July 2001
K says I have a big ego. Whatever.
I tend to believe that my ego reflects naturally on my abilities. I know that I am not a very good leader, I would not do well in marketing. Those roles take too much hype. However, I am studious, and do better academically than most of my peers. So if I presume that I know more than my peers it is because for a long time, in a variety of situations, this has been the case. There are fields where I do not know as much as those around me. Atari is much better at influencing people than I am. Rachel has a much greater view and appreciation of history than I do.

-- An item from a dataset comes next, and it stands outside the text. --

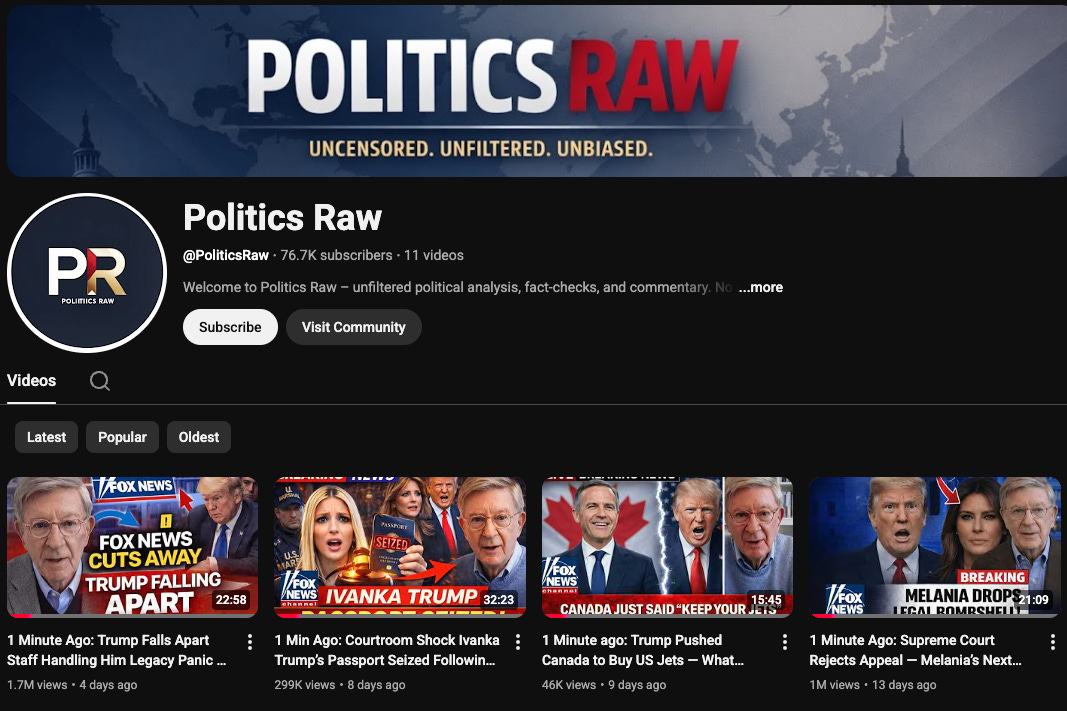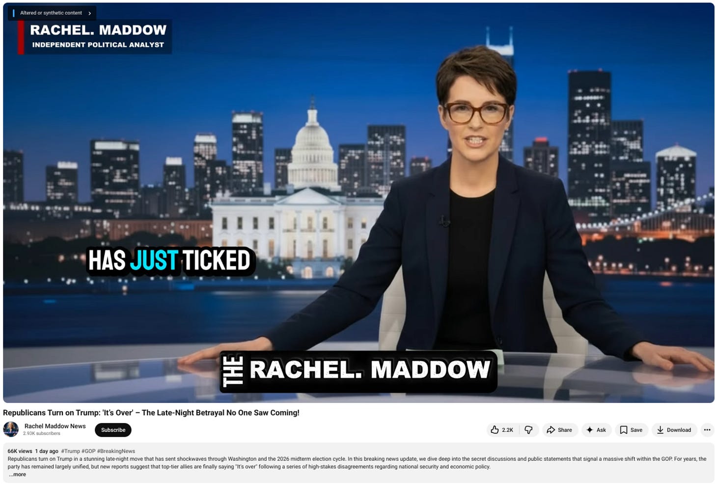 Most of the videos on these channels have synthetic content labels. But, they are easy to miss (they’re small and disappear after several seconds), and some videos get many thousands of views before they get taken down, including this video which had 66K views featuring AI Maddow spreading a false narrative about Republicans in congress turning on Trump. It has since been removed.

Probably the biggest thing that convinces people of the size of my ego is that there are issues that are just so obvious to me that people taking other tracts to me seems utterly absurd. Atheism obviously is the only sensible point of view when it comes to religion. Larry's essay is a sufficient explanation. (Well, honestly, Agnosticism is the only perfectly defendable view, but that's basically just for weak-minded atheists.) I also have strong views on my fraternity's future and policies that are unpopular, but which I believe important and necessary. If by ego, one equates the strength of one's convictions, fine, I have an ego. I think it necessary. I'm no siddhartha - if you're removed from the world and see it perfectly as it is, but detached, you are no longer part of it. I would rather be part of it; hold some beliefs, make some mistakes, and learn, than just sit back and watch it go by.